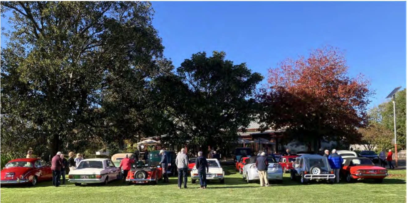
Stamford Park Homestead 8 Emmeline Row, Rowville.

From positive feedback from members with the visit and lunch at the Stamford Park Homestead in May 2025, we have decided to revisit the Historic Stamford Park Homestead for Lunch and to display our Classic/Vintage cars on the lawns just in front of the historic Homestead. An opportunity for a photo of the vehicle's celebrating National Motoring Heritage Day with the Historic Homestead in the background.
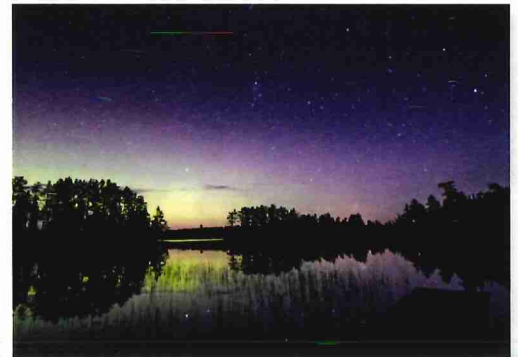
JUNE SHOT IN THE DARK
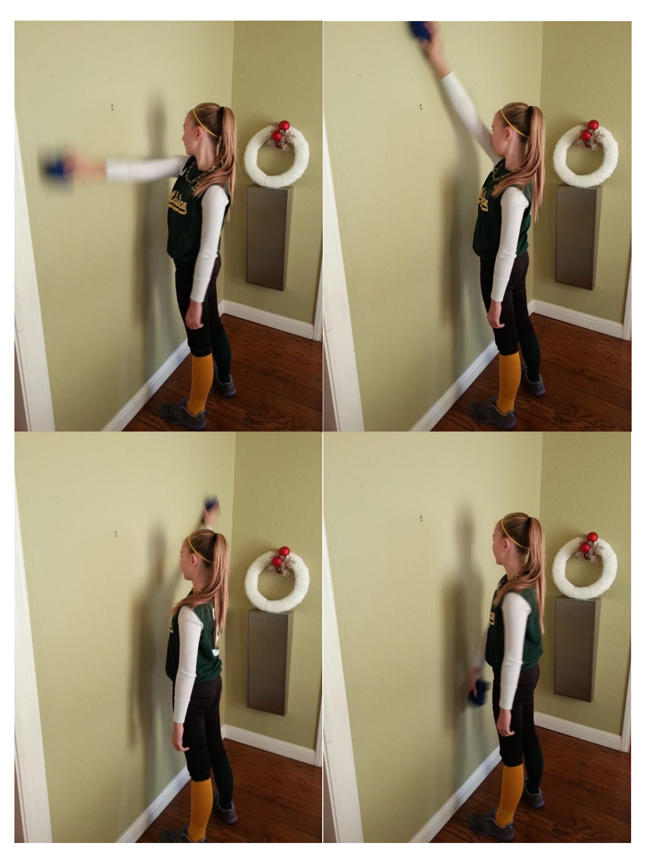
Sock on the wall practice, muscle memory for the arm circle, make big circles and keep the sock touching the wall at all times. Helpful when player is pulling arm behind head during circle motion.
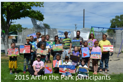
2015 Art in the Park participants

The Vale park was not its usual quiet at 9:00 am on June 14th when 15 kids and 18 adults took part in Drexel H. Foundation’s annual “Art in the Park, on Flag Day” on June 14th. Not only did the park playground equipment get a brand new coat of paint, the participants got the chance to win a trophy for 1st place in 5 age divisions in a mini-mural painting competition. This is the 15th year for this event. It all starts with picking up the litter in the park, then painting the metal playground equipment, followed by games, food, the mini mural competition and ends with awards & prizes.
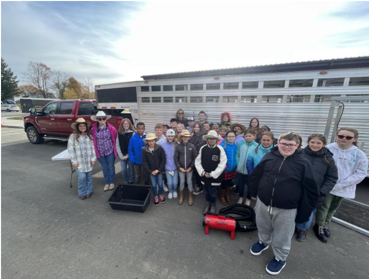
Students with a livestock transport trailer shared by Heimerl Farms.
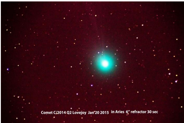
Comet Lovejoy, January 20th 2015

If you get there late, that's ok, just turn off your car lights to save dark adaption. I will be hosting our club Messier Marathon at my observatory in Nibley. If you would like to join me please drop me an email at twestre45@aol.com and I will provide you directions to my place.
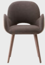
BLISS 02 H 81 P 54 H 58 H 46 H 66 1 m³ 0,38
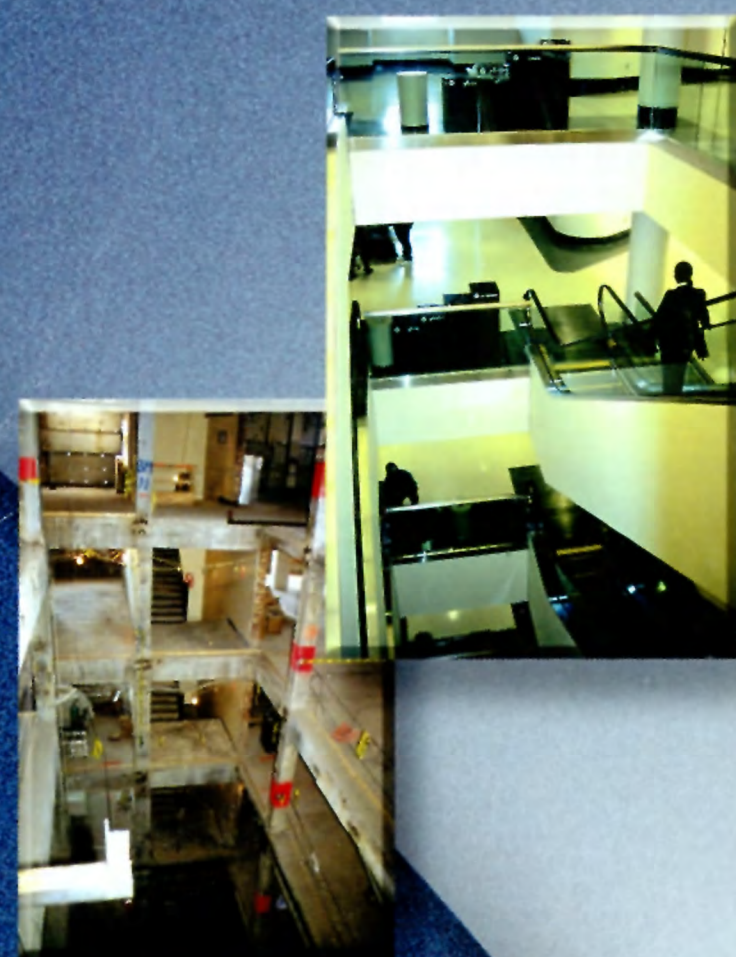
Floor slabs were removed to clear the way for new and convenient escalator banks.

**********

_GOAL OF THE EXERCISE_
Go to the line above that has "If you get there" and copy exactly from there down to the line that has "BLISS 02 H 81 P 54 H 58 H 46 H 66 1 m³ 0,38", both included. Leave the pictures out.

_ANSWER BOX_
If you get there late, that's ok, just turn off your car lights to save dark adaption. I will be hosting our club Messier Marathon at my observatory in Nibley. If you would like to join me please drop me an email at twestre45@aol.com and I will provide you directions to my place.
BLISS 02 H 81 P 54 H 58 H 46 H 66 1 m³ 0,38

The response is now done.